Matthieu Pécot... Made in Maromme
« Je suis made in Maromme ! » Matthieu Pécot le revendique avec humour. Mais en dépit de ses multiples expériences professionnelles en France et en Europe, son attachement à la commune de son enfance est encore bien vivace.
« Mes parents vivent à la Maine. Mes grand-parents, avant eux, habitaient déjà à Maromme, et ma sœur est aujourd’hui professeur de français au collège Alain. Ma famille est très ancrée ici. Moi-même je suis resté jusqu’à mes 25 ans et je reviens régulièrement leur rendre visite. »
Pour autant, sa passion pour le football, – héritée de son père – et ses ambitions professionnelles vont peu à peu le pousser à quitter le cocon familial.

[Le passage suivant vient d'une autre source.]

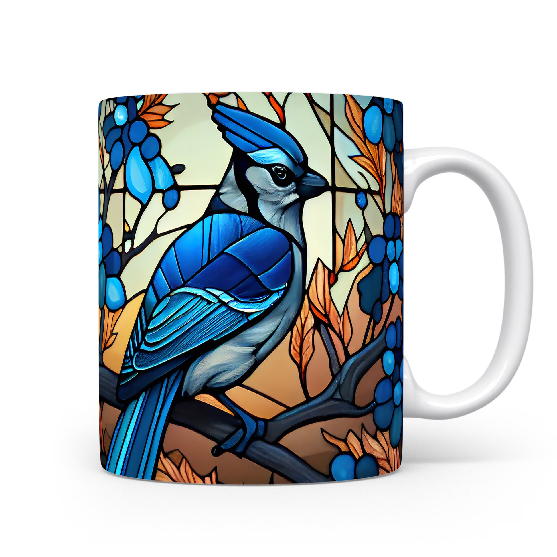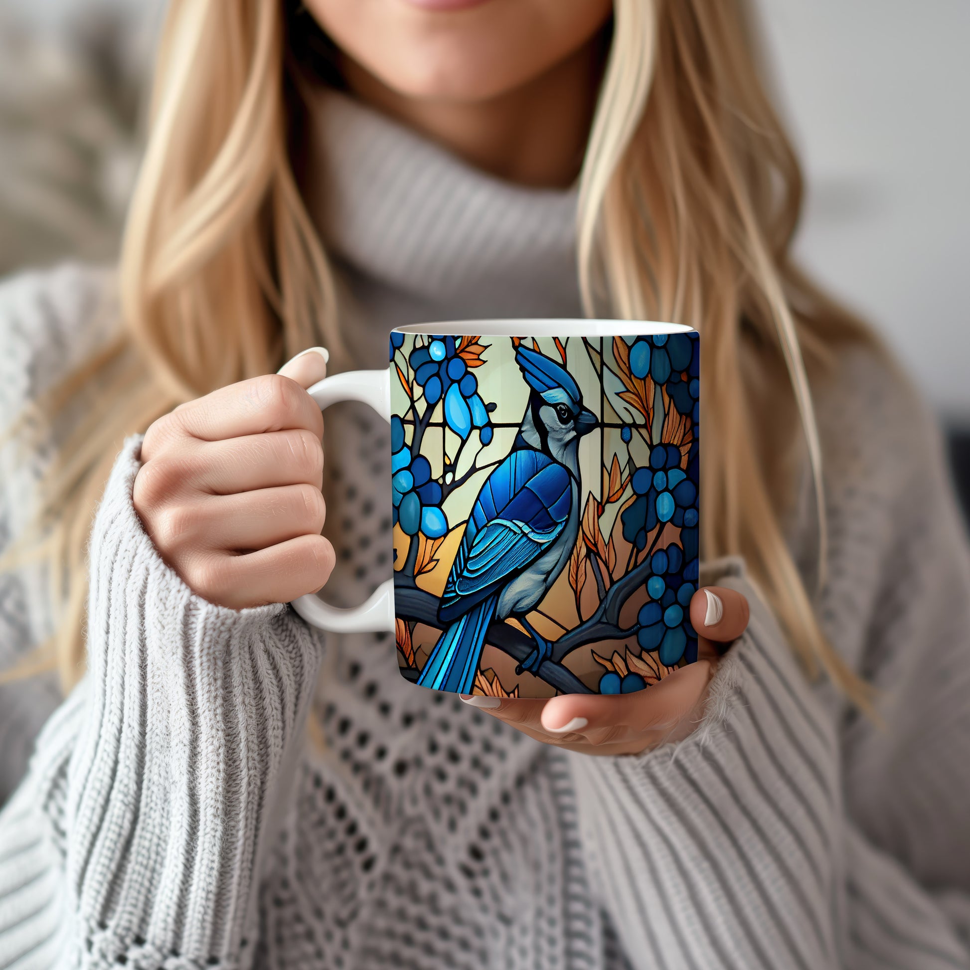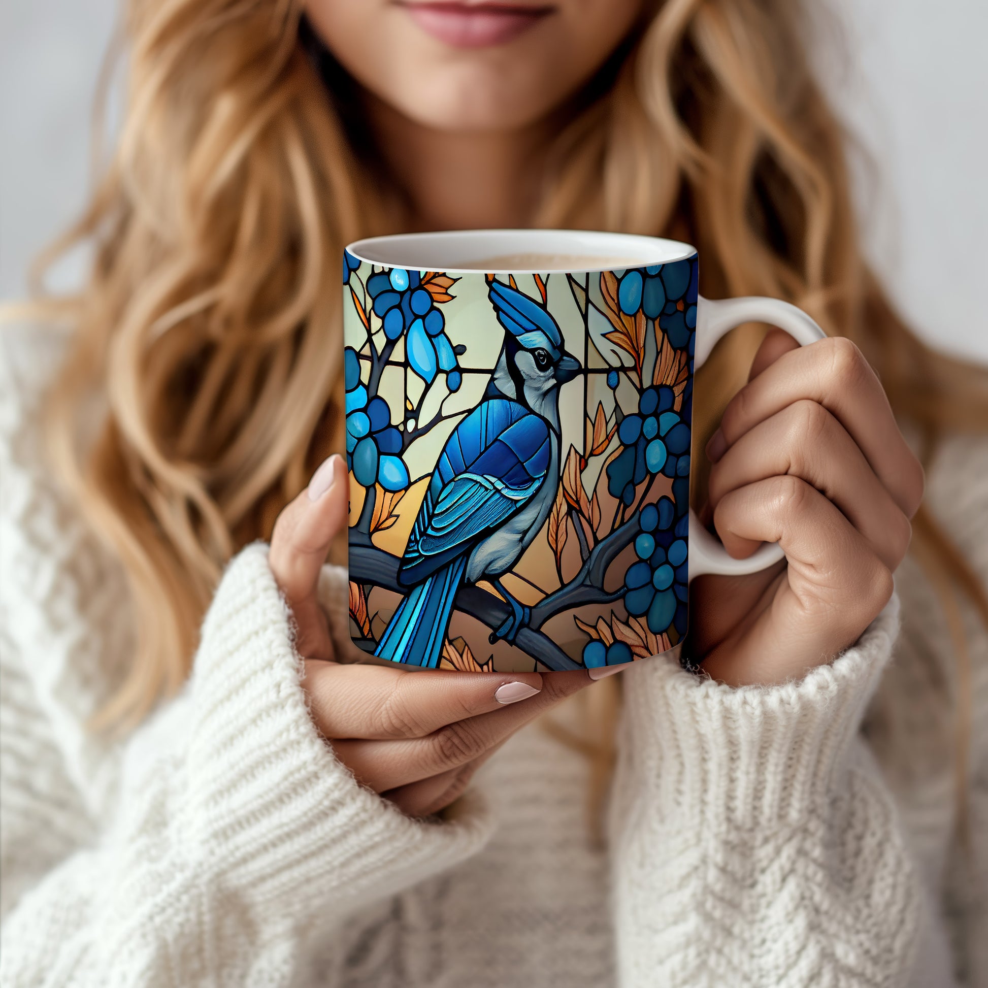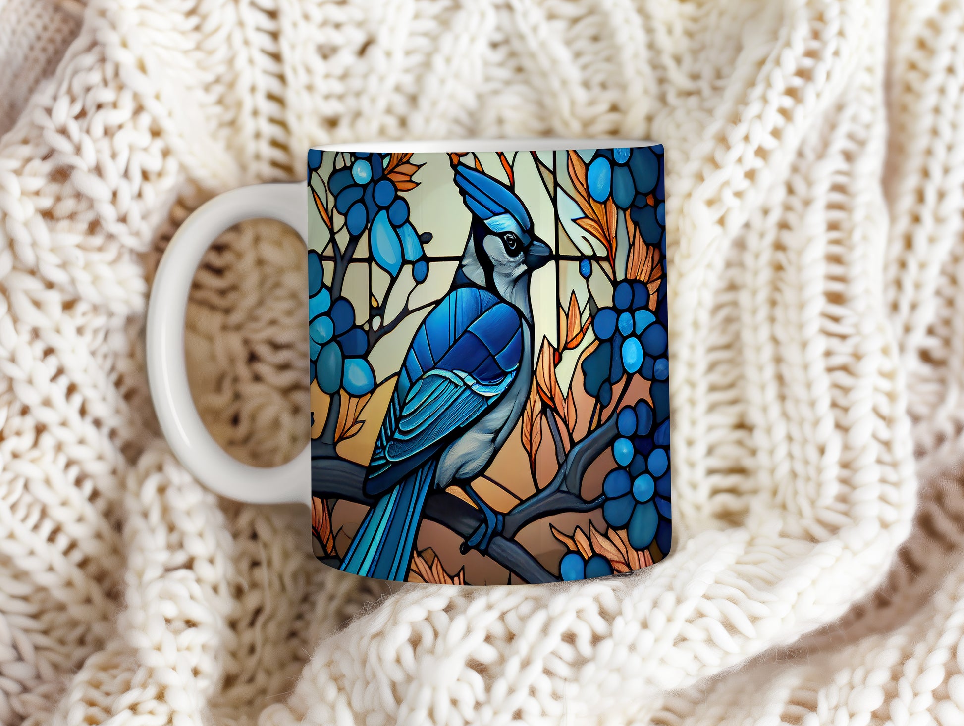Hrnek s modrým ptákem a barevnými listy v přírodním stylu

Après une licence en sciences du langage, obtenue à l’université de Mont Saint Aignan, il entre à Paris-Normandie puis une première fois chez So Foot, en 2007, « parce qu’ils ne se focalisaient pas sur le curriculum vitæ ou l’école de journalisme par laquelle on était passé. C’était plus une question de feeling, de qualité d’écriture, de sensibilité… »
Une chance pour celui qui avoue n’avoir « jamais eu besoin d’aller apprendre le métier dans des écoles spécialisées », et se montre lucide lorsqu’il aborde les raisons de son parcours atypique « Je me suis formé comme cela […] par opportunité. Ce que j’ai perdu en matière d’apprentissage scolaire, je l’ai gagné sur le terrain. J’aurais pu bouger et partir faire une école de journalisme. Mais en réalité j’étais vraiment trop attaché à Maromme. C’était comme une sorte de frontière. Plus jeune, ce qui se passait au-delà ne m’intéressait pas ».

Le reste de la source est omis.